Journal of Psychiatry reveals, this PR campaign by the

psychiatric establishment was quite successful. In 2006, 87%

of the adults surveyed believed that schizophrenia was due to

a chemical imbalance, up from 78% in 1996. Eighty percent of

those surveyed said that depression was due to a chemical

imbalance, up from 67% in 1996.

This is data that tells of an extremely successful propaganda

effort. The overwhelming majority of Americans have been led

to adopt a false belief.

But -- and this shouldn't be a surprise -- the dissemination

of this false belief has not led to a lessening of societal

stigma toward people with psychiatric diagnoses. If anything,

it has increased it. In their survey, Pescosolido and the

other researchers asked a number of questions to flesh out

attitudes toward the mentally ill, and in 2006, there was "no

significant decrease in any indicator of stigma" compared to

1996. Moreover, "significantly more respondents in the 2006

survey than in the 1996 survey reported an unwillingness to

have someone with schizophrenia as a neighbor."

Equally revealing was this: In both the 1996 and 2006

surveys, those who believed in a "neurobiological conception

of mental illness" -- i.e., the chemical imbalance story --

were more likely to have a negative attitude toward those with

mental disorders than those who did not.

While this finding confounded the researchers' expectations,

it is easy to see why the chemical-imbalance story leads to

negative attitudes about people struggling with mental

illness. It tells the public that people with a psychiatric

diagnosis have "broken brains," and that their moods and

behaviors are governed by faulty brain chemistry. This is an

understanding that separates the "mentally ill" from the rest

of society. The "mentally ill" are different from

"us."

Now imagine what societal attitudes might be if the public

were told that the biological causes of major psychiatric

disorders remain "unknown" (which would be a scientifically

accurate message.) That conception of mental illness suggests

that it may be possible for anyone -- faced with certain

environmental stresses or setbacks in life -- to suffer a

severe bout of psychiatric distress.

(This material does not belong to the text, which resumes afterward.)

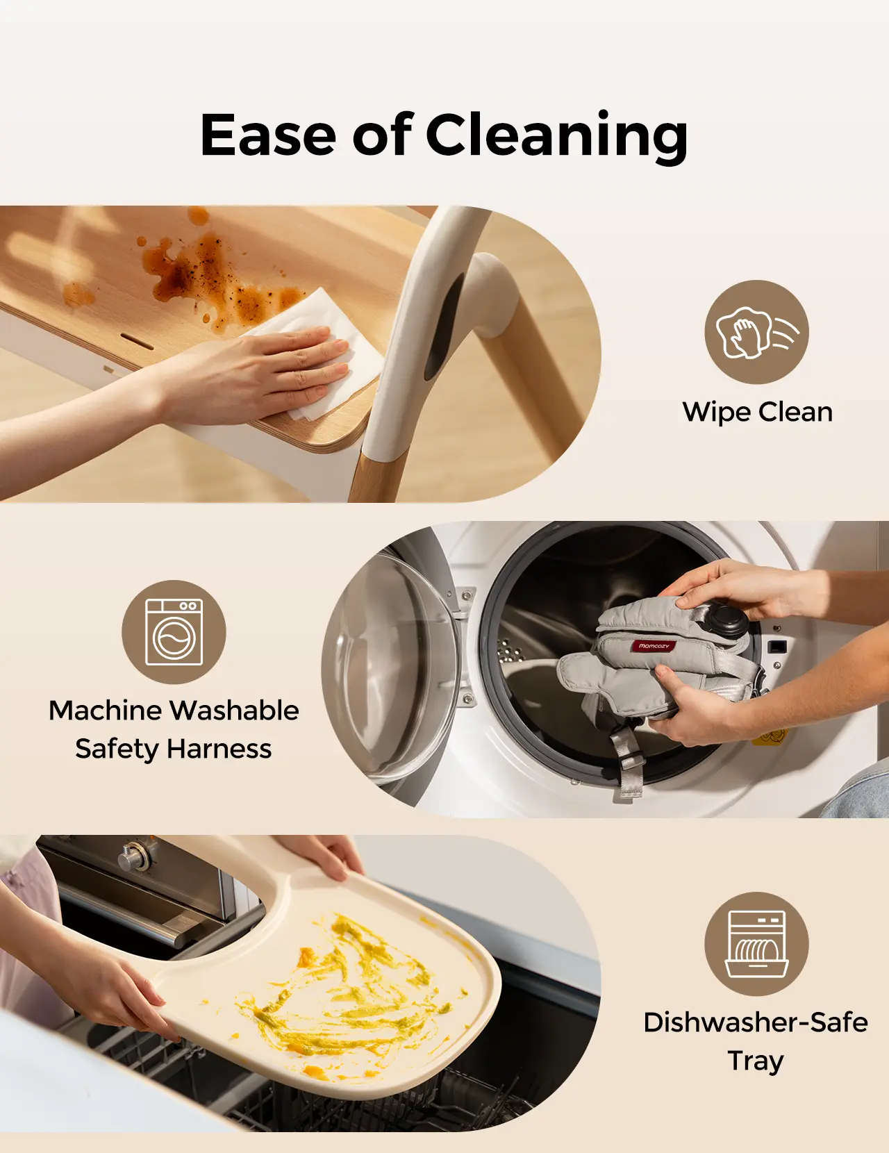 Cleaning Made Easy - Wipeable Surface: Enables quick removal of spills with a damp cloth. - Tray: Rinses quickly and is dishwasher-safe. - Harness: Detachable five-point harness is machine washable.

Readers of Shakespeare

might sum it up this way: To be human is to have the capacity

to go "mad." That is an understanding of "mental illness" that

evokes a sense of our common humanity, and a sense of a shared

vulnerability to mental suffering.

The lesson to be drawn from this study seems to be this: If

the psychiatric establishment wants to reduce stigma towards

the mentally ill, all they need to do is run a pr campaign

that -- and how else to put this -- tells the truth.